Unless specifically stated otherwise as apparent from the above discussion, it is appreciated that throughout the description, discussions utilizing terms such as “processing” or “computing” or “calculating” or “determining” or “displaying” or the like, refer to the action and processes of a computer system, or similar electronic computing device, that manipulates and transforms data represented as physical (electronic) quantities within the computer system memories or registers or other such information storage, transmission or display devices.
Example embodiments are provided so that this disclosure will be thorough, and will fully convey the scope to those who are skilled in the art. Numerous specific details are set forth such as examples of specific components, devices, and methods, to provide a thorough understanding of embodiments of the present disclosure. It will be apparent to those skilled in the art that specific details need not be employed, that example embodiments may be embodied in many different forms and that neither should be construed to limit the scope of the disclosure. In some example embodiments, well-known procedures, well-known device structures, and well-known technologies are not described in detail.
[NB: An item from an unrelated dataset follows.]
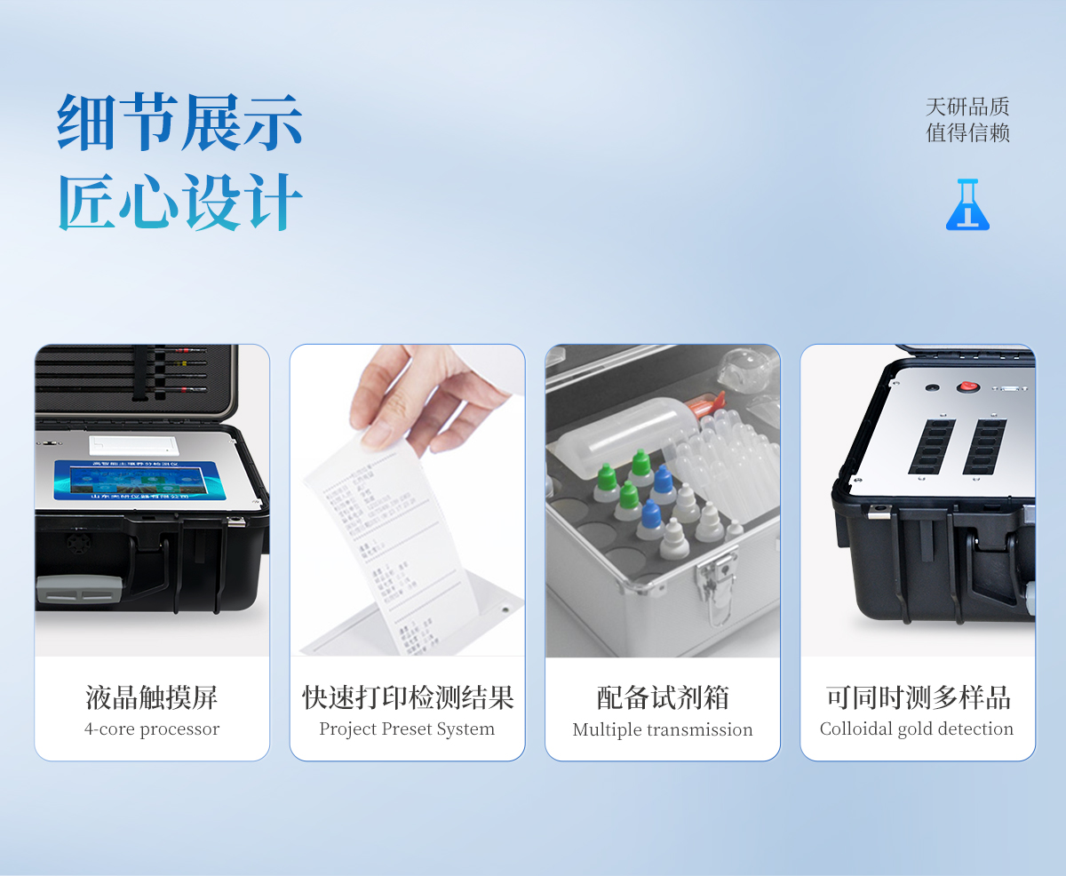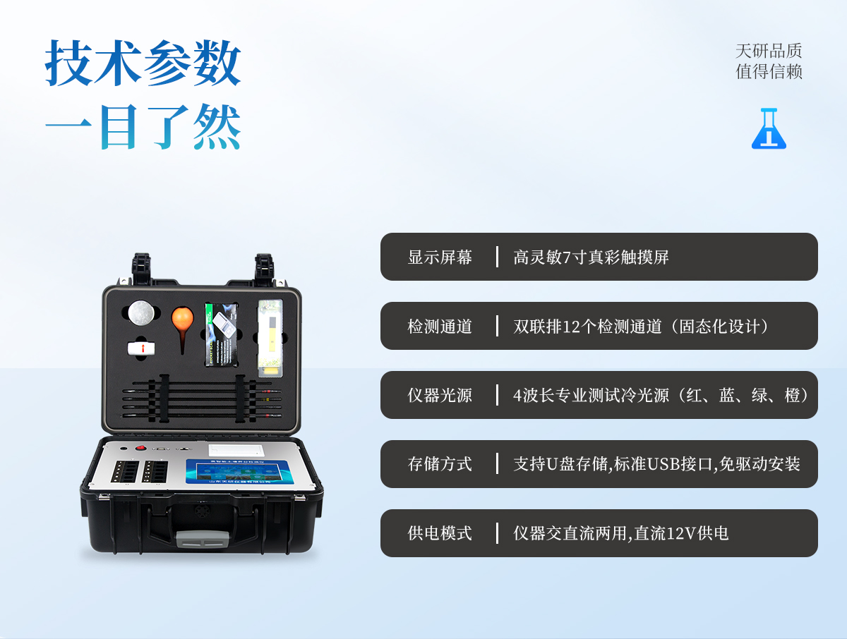 | 1、本儀器集各功能于一身,無需用戶自配附件,可靈活流動檢測。 | 2、安卓(Android)智能操作系統(tǒng),主控芯片采用ARM Cortex-A7,RK3288/4核處理器,主頻1.88Ghz,運(yùn)轉(zhuǎn)速度更快速,穩(wěn)定性更強(qiáng)。 | 3、雙聯(lián)排12個檢測通道(固態(tài)化設(shè)計),一次性可快速檢測12個樣品,極大提升檢測效率,降低檢測成本。 | 4、檢測過程中內(nèi)置校準(zhǔn)功能,智能恒流穩(wěn)壓,光強(qiáng)自動校準(zhǔn),確保檢測準(zhǔn)確度。 | 5、內(nèi)置作物專家施肥系統(tǒng),可對百余種全國農(nóng)業(yè)經(jīng)濟(jì)作物、果樹等的目標(biāo)產(chǎn)量計算推薦施肥量,依據(jù)施肥配方科學(xué)指導(dǎo)農(nóng)業(yè)生產(chǎn)。測土配方施肥結(jié)果可打印,打印內(nèi)容包含:作物種類、肥料種類、目標(biāo)產(chǎn)量、需求總量、建議施肥方案。 | 6、儀器標(biāo)配wifi無線上傳、4G聯(lián)網(wǎng)傳輸、GPRS無線遠(yuǎn)傳功能,快速上傳數(shù)據(jù)。 | 7、儀器內(nèi)置大容量內(nèi)存,支持查看全部歷史檢測記錄,以及傳輸所有檢測數(shù)據(jù)。 | 8、配有智慧云農(nóng)業(yè)平臺,儀器連入無線網(wǎng)絡(luò)后,可將檢測數(shù)據(jù)可選擇性或批量無線上傳,方便用戶進(jìn)行長期數(shù)據(jù)管理和可視化分析。 | 9、儀器配同時具有USB接口、以太網(wǎng)接口,并可隨時用U盤拷貝出數(shù)據(jù)。 | 10、可用手機(jī)隨時登錄云平臺在線移動查看歷史數(shù)據(jù) | 11、內(nèi)置植物營養(yǎng)診斷標(biāo)準(zhǔn)圖譜,根據(jù)各農(nóng)作物營養(yǎng)缺失的圖片,進(jìn)行葉面對比,診斷豐缺。 | 12、4波長專業(yè)測試?yán)涔庠矗t、藍(lán)、綠、橙),光源波長穩(wěn)定,長時間連續(xù)工作光源無溫漂現(xiàn)象,壽命長達(dá)10萬小時級別,重現(xiàn)性好,準(zhǔn)確度高。 | 13、比色池部分采用標(biāo)準(zhǔn)1cm比色皿,無機(jī)械位移及磨損,光路測試定位**,有效屏蔽外光干擾,保證檢測結(jié)果優(yōu)于國標(biāo)要求。 | 14、儀器系統(tǒng)內(nèi)帶有樣品前處理操作視頻,各種樣品檢測方法點擊視頻模塊即可觀看,檢測人員無需自學(xué)說明書,指導(dǎo)教學(xué)方便快速,方便新手快速操作。 | 15、內(nèi)置新一代高速熱敏打印機(jī)(無需色帶),打印內(nèi)容包含:檢測單位、檢測人員、檢測項目、通道號、吸光度、養(yǎng)分含量(mg/kg)、檢測時間、以及二維碼等信息 | 16、高靈敏7寸真彩觸摸屏,采用更加**和人性化操作,高清晰高交互顯示,大程度降低傳統(tǒng)儀器的繁瑣操作和失誤。 | 17、內(nèi)置時鐘功能,方便操作時間記錄,長期歷史追溯。 | 18、可設(shè)置多賬戶賬號密碼登錄,**UI交互界面,不同的用戶可自由添加編輯檢測信息,保存后可長期使用。 | 19、GPS功能:可在野外作業(yè)時記錄經(jīng)緯度地點,滿足特殊用戶需求。 | 20、內(nèi)置低電壓提示功能,可在檢測時明確電量,避免測試數(shù)據(jù)偏移,同時具有斷電保護(hù)功能,斷電自動保存數(shù)據(jù),防止數(shù)據(jù)丟失。 | 21、交直流兩用供電方式,內(nèi)置大容量充電鋰電池,滿電狀態(tài)下可連續(xù)工作10余小時,同時可外接車載電源蓄電。 | 22、儀器具有中英文切換功能,可滿足出口要求。 | 23、高強(qiáng)度PVC工程塑料手提箱設(shè)計,堅固耐用,便于攜帶。 |

It will be understood that the mixing and matching of features, elements, methodologies, systems and/or functions between various examples may be expressly contemplated herein so that one skilled in the art will appreciate from the present teachings that features, elements, systems and/or functions of one example may be incorporated into another example as appropriate, unless described otherwise above. It will also be understood that the description, including disclosed examples and drawings, is merely exemplary in nature intended for purposes of illustration only and is not intended to limit the scope of the present application, its application or uses. Thus, variations that do not depart from the gist of the present application are intended to be within the scope of the present application.